Whitespace as missingstring in CSV.File()

I have a CSV file which has all of "" (empty string), " " (1x whitespace), and " " (2x whitespace) as missing values (horrible, I know). I tried tackling it with CSV.File(file, missingstrings = ["", " ", " "]) but apparently whitespace characters are not allowed as I get the error sentinel value isn’t allowed to start with wh1 or wh2 characters.

Is there a workaround for that or do I just go over the file afterwards and replace the additional missings?

cc @quinnj this seems like a bug in CSV

Ah, the issue here is the 2x space missingstring; by default, CSV.jl uses a single space to remove leading/trailing whitespace around numbers when parsing, and if a single space is used as missingstring, then it doesn’t strip the leading/trailing whitespace. But in the case of 2x space, it’s not switching to not stripping whitespace, but also realizes there will be a conflict (i.e. it will try to strip whitespace, but hte sentinel value is also whitespace). Let me think of a better way we can handle this in CSV.jl. Maybe we just need to allow manually setting the “whitespace” characters to strip, because then you coudl set them to 0x00 and not get hte conflict.

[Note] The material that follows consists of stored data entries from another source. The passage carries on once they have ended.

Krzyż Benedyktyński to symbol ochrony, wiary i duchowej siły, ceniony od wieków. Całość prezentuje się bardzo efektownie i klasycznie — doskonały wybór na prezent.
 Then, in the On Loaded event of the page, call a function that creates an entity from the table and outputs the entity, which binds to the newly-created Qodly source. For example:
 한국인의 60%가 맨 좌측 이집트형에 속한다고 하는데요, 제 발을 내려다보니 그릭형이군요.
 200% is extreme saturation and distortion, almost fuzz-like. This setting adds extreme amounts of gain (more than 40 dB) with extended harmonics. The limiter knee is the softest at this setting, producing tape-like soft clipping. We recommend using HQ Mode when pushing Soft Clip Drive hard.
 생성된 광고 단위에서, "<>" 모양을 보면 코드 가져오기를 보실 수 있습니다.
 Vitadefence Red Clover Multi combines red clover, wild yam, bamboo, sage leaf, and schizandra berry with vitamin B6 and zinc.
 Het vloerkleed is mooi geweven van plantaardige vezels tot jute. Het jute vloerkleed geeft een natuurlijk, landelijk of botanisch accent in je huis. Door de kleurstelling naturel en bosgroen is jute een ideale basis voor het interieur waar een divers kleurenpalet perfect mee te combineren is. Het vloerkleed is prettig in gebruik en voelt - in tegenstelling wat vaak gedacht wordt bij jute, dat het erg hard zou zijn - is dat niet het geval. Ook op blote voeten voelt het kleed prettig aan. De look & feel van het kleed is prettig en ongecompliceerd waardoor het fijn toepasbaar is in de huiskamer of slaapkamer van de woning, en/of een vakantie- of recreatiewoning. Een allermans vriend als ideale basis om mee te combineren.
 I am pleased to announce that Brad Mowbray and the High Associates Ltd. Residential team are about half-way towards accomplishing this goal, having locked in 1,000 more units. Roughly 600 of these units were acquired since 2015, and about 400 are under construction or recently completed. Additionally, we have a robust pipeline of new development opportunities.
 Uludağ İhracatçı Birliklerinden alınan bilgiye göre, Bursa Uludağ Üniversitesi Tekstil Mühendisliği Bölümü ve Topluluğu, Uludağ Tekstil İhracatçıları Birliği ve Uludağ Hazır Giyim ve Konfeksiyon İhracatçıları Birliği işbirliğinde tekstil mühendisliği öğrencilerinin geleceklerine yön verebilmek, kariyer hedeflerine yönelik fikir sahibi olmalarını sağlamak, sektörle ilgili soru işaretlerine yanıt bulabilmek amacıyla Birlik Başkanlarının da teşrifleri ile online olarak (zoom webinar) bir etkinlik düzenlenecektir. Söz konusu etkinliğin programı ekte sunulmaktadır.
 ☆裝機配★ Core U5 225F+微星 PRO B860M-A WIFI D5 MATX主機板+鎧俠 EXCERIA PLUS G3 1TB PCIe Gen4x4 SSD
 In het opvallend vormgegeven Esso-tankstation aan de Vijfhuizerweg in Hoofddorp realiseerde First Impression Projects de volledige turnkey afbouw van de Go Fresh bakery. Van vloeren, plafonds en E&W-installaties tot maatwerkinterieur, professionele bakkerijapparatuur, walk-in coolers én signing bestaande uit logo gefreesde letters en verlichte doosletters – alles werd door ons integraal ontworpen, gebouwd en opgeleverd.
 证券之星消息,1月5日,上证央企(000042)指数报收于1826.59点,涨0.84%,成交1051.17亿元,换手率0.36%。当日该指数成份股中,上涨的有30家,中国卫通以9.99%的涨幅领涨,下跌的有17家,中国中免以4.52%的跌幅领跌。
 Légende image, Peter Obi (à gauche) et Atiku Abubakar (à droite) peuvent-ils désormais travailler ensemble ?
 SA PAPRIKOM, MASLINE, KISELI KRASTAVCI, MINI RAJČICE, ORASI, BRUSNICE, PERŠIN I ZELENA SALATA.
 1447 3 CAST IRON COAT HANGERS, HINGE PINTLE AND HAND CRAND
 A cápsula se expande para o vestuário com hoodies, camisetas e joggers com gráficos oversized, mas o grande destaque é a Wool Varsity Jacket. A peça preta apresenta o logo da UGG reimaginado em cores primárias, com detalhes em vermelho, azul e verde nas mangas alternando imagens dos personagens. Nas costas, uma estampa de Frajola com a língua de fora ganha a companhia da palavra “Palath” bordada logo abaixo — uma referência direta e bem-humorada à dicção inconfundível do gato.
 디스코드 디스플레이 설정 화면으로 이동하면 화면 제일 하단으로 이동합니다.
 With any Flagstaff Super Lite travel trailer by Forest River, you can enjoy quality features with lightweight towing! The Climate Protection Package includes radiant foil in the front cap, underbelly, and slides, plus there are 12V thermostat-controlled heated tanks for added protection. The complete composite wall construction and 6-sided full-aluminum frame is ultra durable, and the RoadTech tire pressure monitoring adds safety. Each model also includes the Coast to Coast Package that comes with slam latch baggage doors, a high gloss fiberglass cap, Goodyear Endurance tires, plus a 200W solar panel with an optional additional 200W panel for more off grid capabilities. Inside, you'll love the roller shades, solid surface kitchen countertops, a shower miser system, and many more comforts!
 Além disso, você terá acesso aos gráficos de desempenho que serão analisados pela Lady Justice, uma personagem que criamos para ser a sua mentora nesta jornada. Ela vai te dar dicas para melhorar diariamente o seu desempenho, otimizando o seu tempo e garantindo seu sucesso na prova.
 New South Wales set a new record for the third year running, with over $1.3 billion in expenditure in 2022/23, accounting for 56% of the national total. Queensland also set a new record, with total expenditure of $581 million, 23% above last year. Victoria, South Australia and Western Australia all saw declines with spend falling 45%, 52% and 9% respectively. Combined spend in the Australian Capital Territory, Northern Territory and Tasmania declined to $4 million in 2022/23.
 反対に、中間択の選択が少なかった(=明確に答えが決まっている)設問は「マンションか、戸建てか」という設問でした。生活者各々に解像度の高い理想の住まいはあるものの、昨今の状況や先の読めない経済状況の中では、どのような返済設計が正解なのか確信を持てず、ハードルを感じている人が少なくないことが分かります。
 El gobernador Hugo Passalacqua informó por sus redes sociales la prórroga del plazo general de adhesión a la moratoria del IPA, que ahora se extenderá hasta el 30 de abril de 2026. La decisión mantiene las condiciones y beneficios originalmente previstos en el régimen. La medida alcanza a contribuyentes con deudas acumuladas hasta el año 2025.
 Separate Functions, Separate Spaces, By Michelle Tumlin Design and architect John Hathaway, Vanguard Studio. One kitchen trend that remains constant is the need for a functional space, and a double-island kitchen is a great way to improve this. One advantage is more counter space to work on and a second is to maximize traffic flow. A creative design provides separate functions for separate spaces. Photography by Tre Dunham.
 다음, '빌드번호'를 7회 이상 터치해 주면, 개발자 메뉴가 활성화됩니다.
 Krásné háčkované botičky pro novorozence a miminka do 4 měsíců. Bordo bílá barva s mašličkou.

Great, thanks! I also opened an issue.

If you’re allowed to modify the csv, you can find and replace with Ctrl + F. Find ," ", and replace by ,"",. As a workaround

Sure, but I’d rather not edit files manually. Also they’re 8GB each so a manual find and replace is probably not the best idea :slight_smile:

As a workaround I can for now do a replace!(col, " " => missing) after reading the file, but it would probably be more efficient / elegant if this could be handled in the initial parsing step.